Ecological Indicators (Jul 2023)
Quantifying the nonlinear response of vegetation greening to driving factors in Longnan of China based on machine learning algorithm
Abstract
The main influencing factors and their nonlinear effects on the changes of vegetation in China’s mountainous areas under the interaction of different factors are not yet clear, and comprehending the evolutionary trends and driving mechanisms of vegetation is crucial to reveal the changes in ecosystem structure and function. In this study, trend analysis (M−K, T-S and EEMD) combined with machine learning algorithm, namely Boosted Regression Tree model (BRT), were used to quantify the trends of nonlinear responses and thresholds for bioclimatic variables, topography, soil properties and anthropogenic factors for vegetation changes in Longnan. The results showed that the trend analysis clearly confirm the increasing trend of vegetation at multiple spatio-temporal scales.
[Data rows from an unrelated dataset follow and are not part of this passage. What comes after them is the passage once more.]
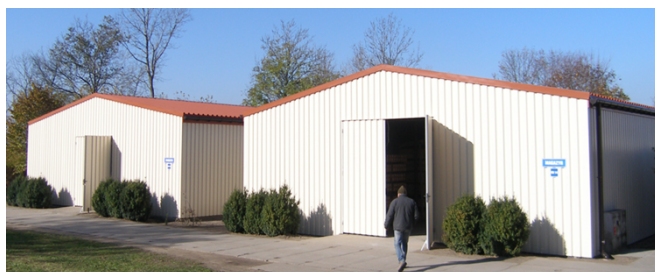
g) Budynek nr 14, nr 15
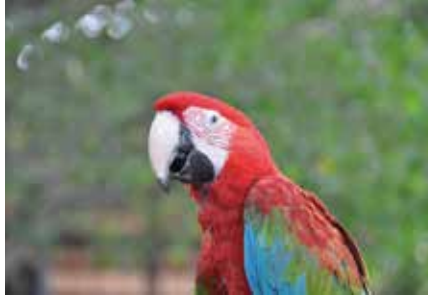
Chimelong Safari Parkı (长隆野生动物园)

Adres: Yuejiang W Rd, Haizhu District, Guangzhou, Guangdong Province, Çin, 510308
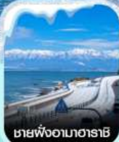
ชายฝั่งอามาฮาราชิ
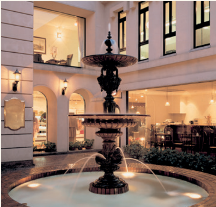
MONTIER-EN-DER Hauteur : 1.70 m à 3.70 m

Standing on a square, public fountains remain an essential element of street furniture. By the delicacy of their structure, their drawings and reliefs, by the warmth of the cast iron, these authentic works of art enliven and add to the places a supplement of unalterable soul.
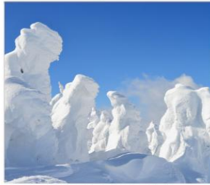
SNOW MONSTER ปีศาจหิมะ
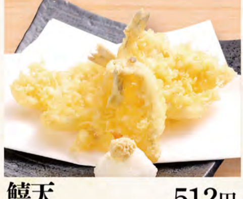
鱈天 512円 (税込553円)
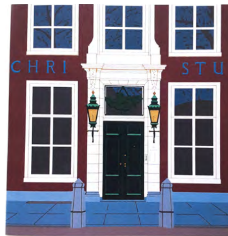
Pulchri Studio, Lange Voorhout (zeefdruk Frans de Leef)
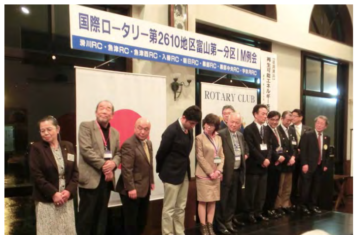
次期、会長、幹事紹介
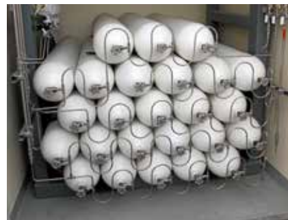
Fordonsgasen komprimeras till 250 bar för lagring och transport. Man får med sig 4 000 m 3 på ett lastflak.
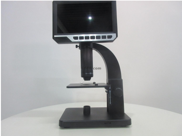
名称: 显微镜 货品来源: 工厂货源
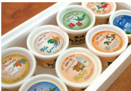
オススメお土産 ジェラート

昭和48年創業、大きな風車が目印ドライブインです。リーズナブルなあか牛丼の他、阿蘇小国ジャージー牛乳100%の手作りジェラートが人気!コクがありながら後味はさっぱり。くちどけの良いリッチでクリーミーな味わいが特徴です。定番商品から季節限定商品まで10種類以上。全国発送も可能です。
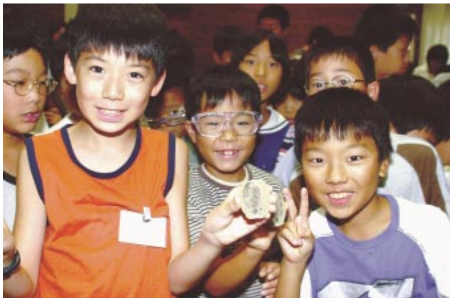
三葉虫に眼を輝かせる子供たち
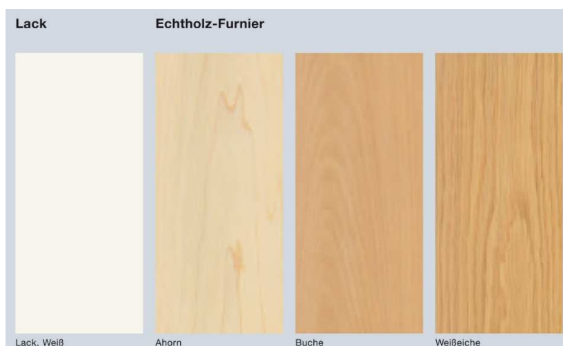
Bild 11: Die neuen Hrmann Innentren werden je nach Ausfhrung auch mit einer Wei-Lack-Oberflche oder mit Schutzlack versiegelten Echtholz furnieren angeboten.

Download Texte und Bilder: www.hoermann.de/presse
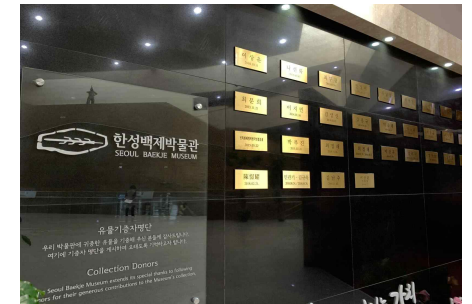
박물관 로비 ‘명예의 전당’ 기증자 명패
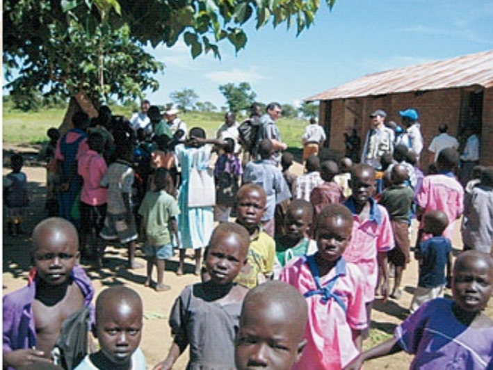
ニムレ・ガンジ村の青空学校

首都ハルツームに到着。川と青ナイル川が合流する地点で、エジプトの支配を経て、イギリスの植民地となった歴史を持つ。住民はアラブ系が多数で、黒人はマイノリティだ。街ではアラビア語が話され、厳格なイスラーム主義国なので、酒を売る店は皆無。たまに東洋系の人物を見かけるが、ほぼ間違いなく中国人のビジネスマンだ。実際、私が市場などで買い物をしていると、アラブ人たちから「ニイハオ」とあいさつされる。
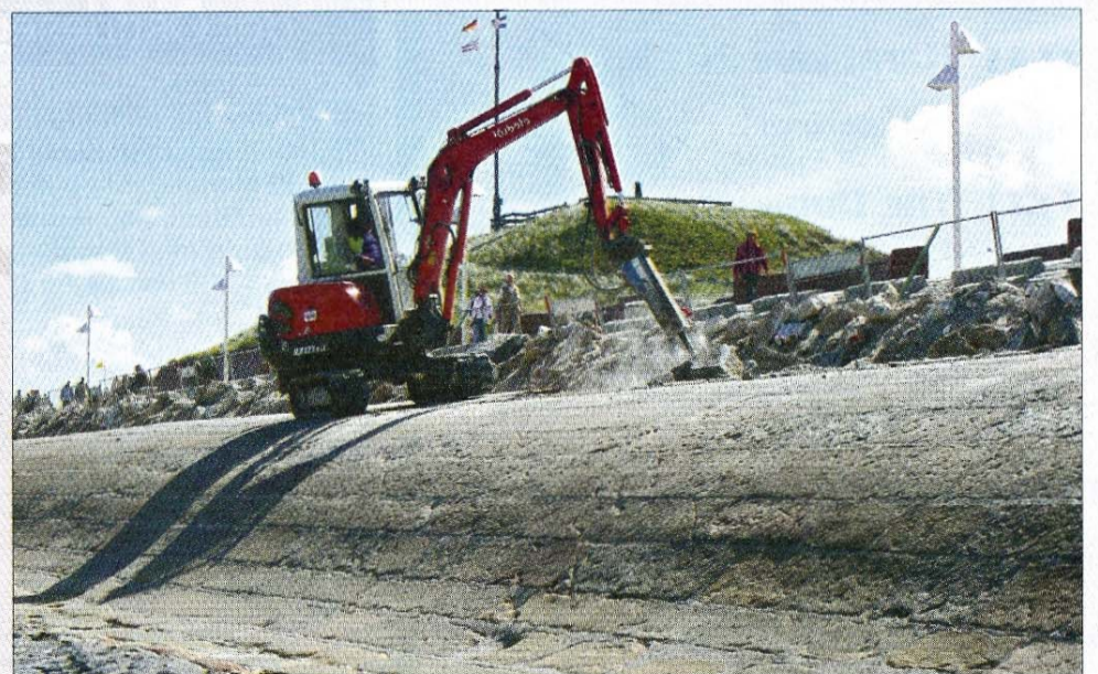
Arbeiten unter schwierigen Bedingungen am Januskopf.
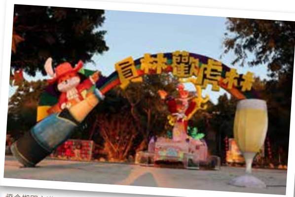
燈會期間充滿活潑、熱鬧氛圍的公園，讓百果山再現風華～
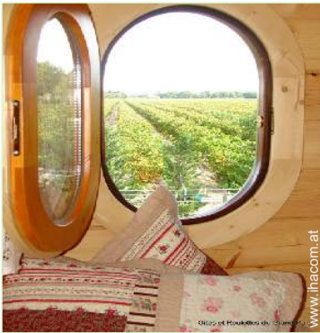
Blick auf Weinberge
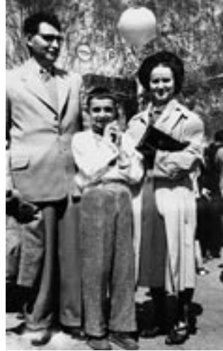
Всей семьей на Первомайской демонстрации

В 1950 году экстерном окончив институт, он получил диплом с отличием.
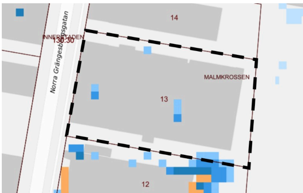
Illustration som visar var vatten ställer sig inom planområdet vid ett 100-årsregn. Planområdet är inom svart streckad linje.

Malmö stad har låtit utföra en kommunövergripande lågpunktskartering. Lågpunktskarteringen är baserad på ett regn med en återkomsttid på 100 år. Karteringen visar att fastigheten inte är särskilt utsatt vid ett skyfallsliknande regn.
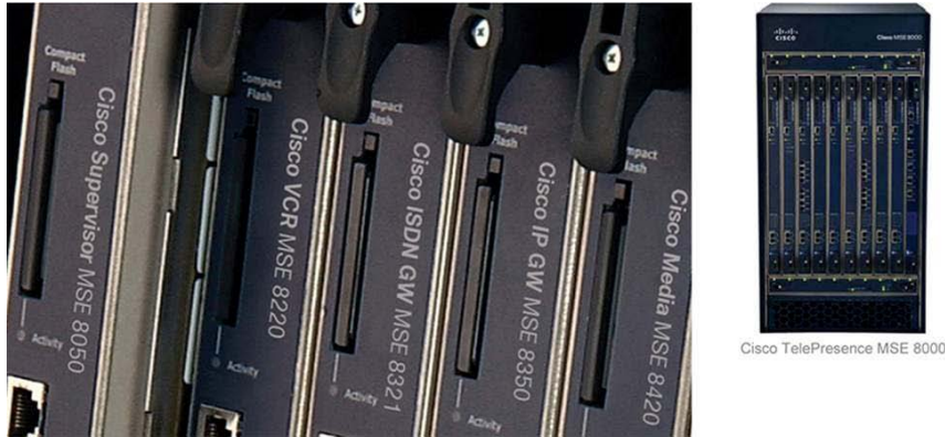
图 1. 思科网真 MSE 8000
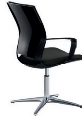
Corporate Konferenz-Drehsessel, Rücken Schwarz Hochglanz
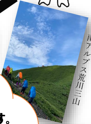
南アルプス荒川三山
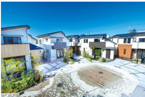
リーフィア狛江 蒼翠の街 街区中央のPLAZA（クルドサック）

<キッズデザイン賞WebサイトURL> https://kidsdesignaward.jp/
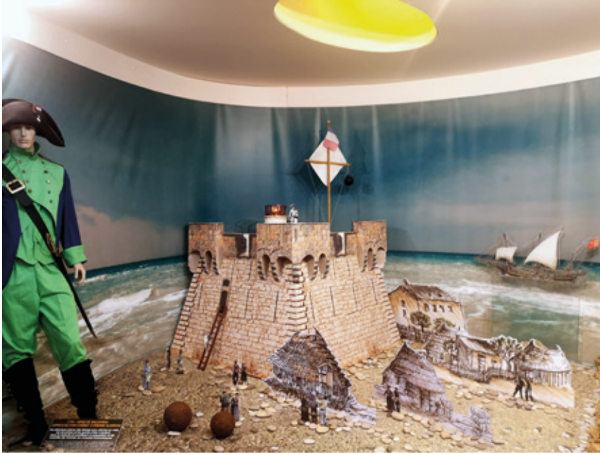
6. Vitrine provenant du pavillon du Cambodge lors de l'exposition coloniale de 1931. Ces objets collectés dans les années 1930 illustrent les liens humains et professionnels unissant certaines familles agathoises à l'Empire, Musée agathois Jules Baudou

comme aux Romains n'étonneraient guère au musée de l'Éphèbe et feraient écho à l'exposition, présentée au Musée archéologique Henri Prades (Lattes), consacrées aux relations entre colons phocéens et populations locales de l'actuel Languedoc 40 . Bien qu'il accorde une place importante à la période antique en montrant les civilisations méditerranéennes par le biais de tables interactives, le musée du Cap d'Agde est bien plus consacré au commerce maritime qu'aux colonisations grecque et romaine. Ses salles présentent des navires, leurs cargaisons et les pièces les plus spectaculaires qui ont été retrouvées par les archéologues.
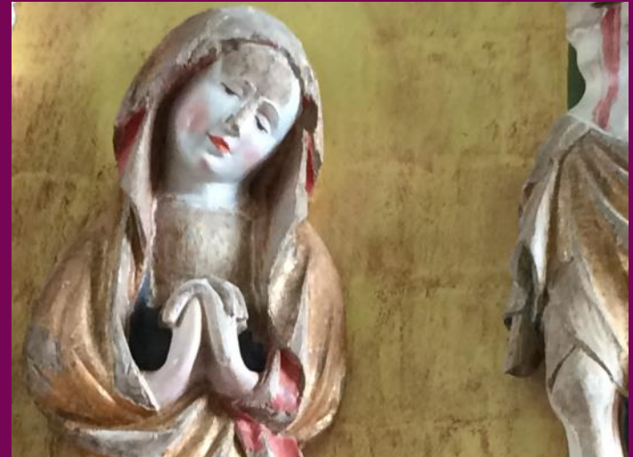
Abb. 8: Maria einer Kreuzigungsgruppe, Flügelretabel, Petrikirche, Demern, Landkreis Nordwestmecklenburg

Wie wichtig die Fassung für die Qualität des vollendeten Werkes tatsächlich war und ist, wird immer dann deutlich, wenn mittelalterliche Holzskulpturen in späteren Jahrhunderten überfasst (übermalt) worden sind. Oftmals sind Ölfarbenanstriche des 19. und 20. Jahrhunderts zu beklagen, die die Schnitzarbeiten verunklären und qualitativ herabsetzen.
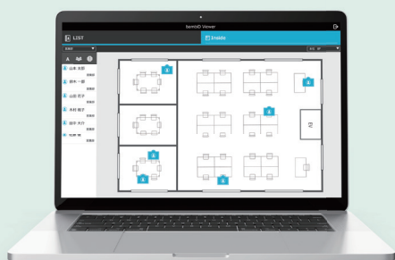
共用機器や共有資産の位置情報可視化 <イメージ>

会社や学校、病院などの共用する機器や機材、空港の手荷物カートのような不特定箇所に移動する資産の管理にも利用いただけます。
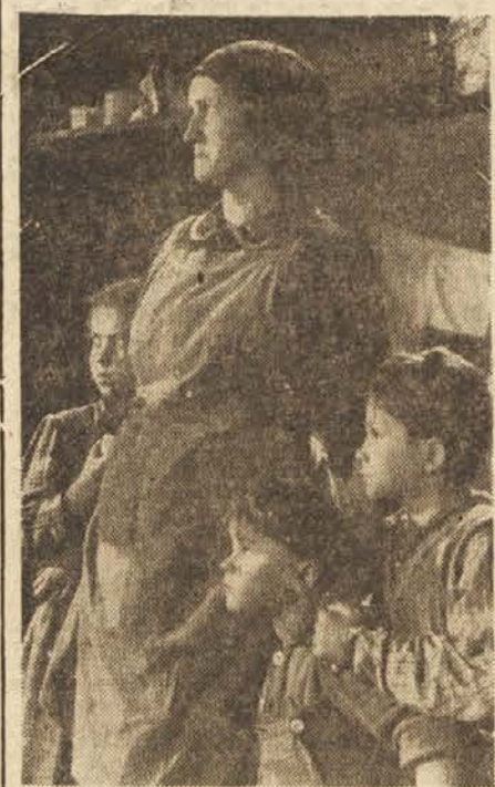
Ob vdoru Nemcev v hišo se otroci oklenejo matere

Nagel razvoj našega filma torej ni slučajnost. Skrbno vodstvo Partije ter njeno veliko delo v vzgajanju novega, socialističnega človeka, je zagotovilo tudi našemu filmu vse možnosti s tem, da lahko naši umetniški delavci ustvarjajo svobodna dela resnične, idejne vrednosti. V tem smislu lahko trdimo, da je tudi naš film bil ob svojem rojstvu postavljen na ono pravilno podlago, ki ga dviga nad filmom kapitalističnega sveta.

The BRT indicated that total precipitation (bio12, 15.22%), land use (LUCC, 12.68%), elevation (DEM, 11.20%), and population density (Pd, 9.20%) were the more important factors of dominant vegetation greening. Bioclimatic variables were found to revealed the effects of climate with vegetation more clearly. In addition, the BRT revealed that the selected factors have the different nonlinear response relationships to vegetation greening trend and specific thresholds. Among them, increasing of cropland, grassland and forestland can promote vegetation greening. However, GDP, Pd, DEM, bio12, mean diurnal range and temperature seasonality (bio2, bio4) exceed the threshold can significantly inhibit vegetation growth. The BRT combined with trend analysis revealed the nonlinear response relationships and thresholds of the drivers behind the vegetation change patterns, which have obvious effects in exploring the driving mechanisms of vegetation changes in mountainous areas. This study provided an important reference for better revealing the interaction mechanisms between vegetation changes and drivers in the semi-humid zone in East Asia even globally.